To be clear, I’d suggest attaching the frame down to the table, then attaching the wasteboard to the table top in its usual spot. You just eliminate the frame, and stiffen the entire unit up greatly by having a solid membrane under it, instead of a flimsy aluminum channel assembly.

I’d like to see some pictures of how you’ve attached the frame to the table - did you just use 4 angle brackets or do something else more fancy?

This is what I use. It encloses the computer and dust collection along with additional storage.

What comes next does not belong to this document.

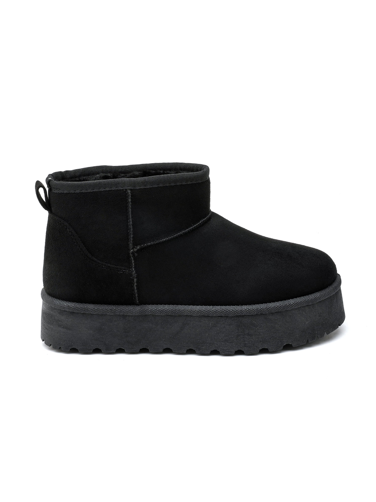 Stivaletto ISABAC in tessuto scamosciato, suola spessa, foderato in shearling bianco per garantire comfort e calore.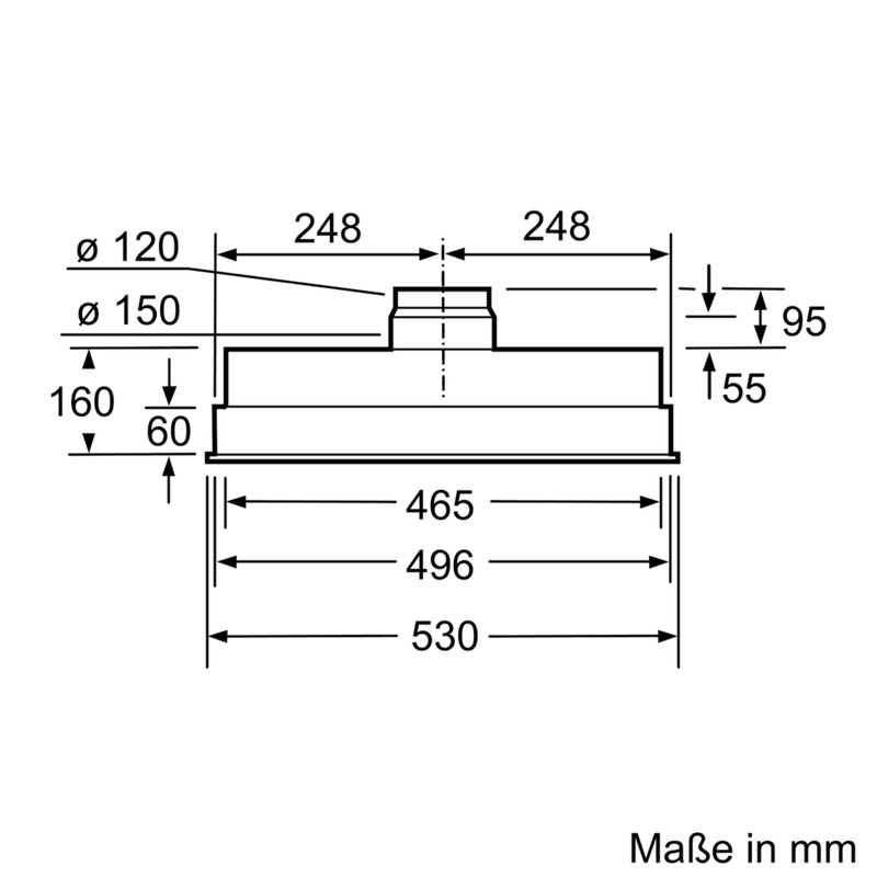 - Durchmesser des Abluftstutzens: 120 / 150 mm

I had melamine for my wasteboard, and didn’t like it. Being able to write on it in pencil was awesome, but the thickness varied enough that I ended up having to either flatten it or put a secondary wasteboard on top of it. Additionally, the chips under the melamine are probably going to dull your bits a lot faster than MDF or regular wood.

I ended up taking it off and am debating how exactly to dispose of it. I did make a video of the replacement process though, so that was a plus.

I don’t think I’ll end up with melamine as the wasteboard. At the moment I’m considering the suggestions which would have me keep the melamine for the table top, fasten the MDF wasteboard directly to the table, and ditch the aluminum bottom frame. Looking for ideas how to nicely attach the 4 Y supports to the table top and have it both serviceable and nice looking.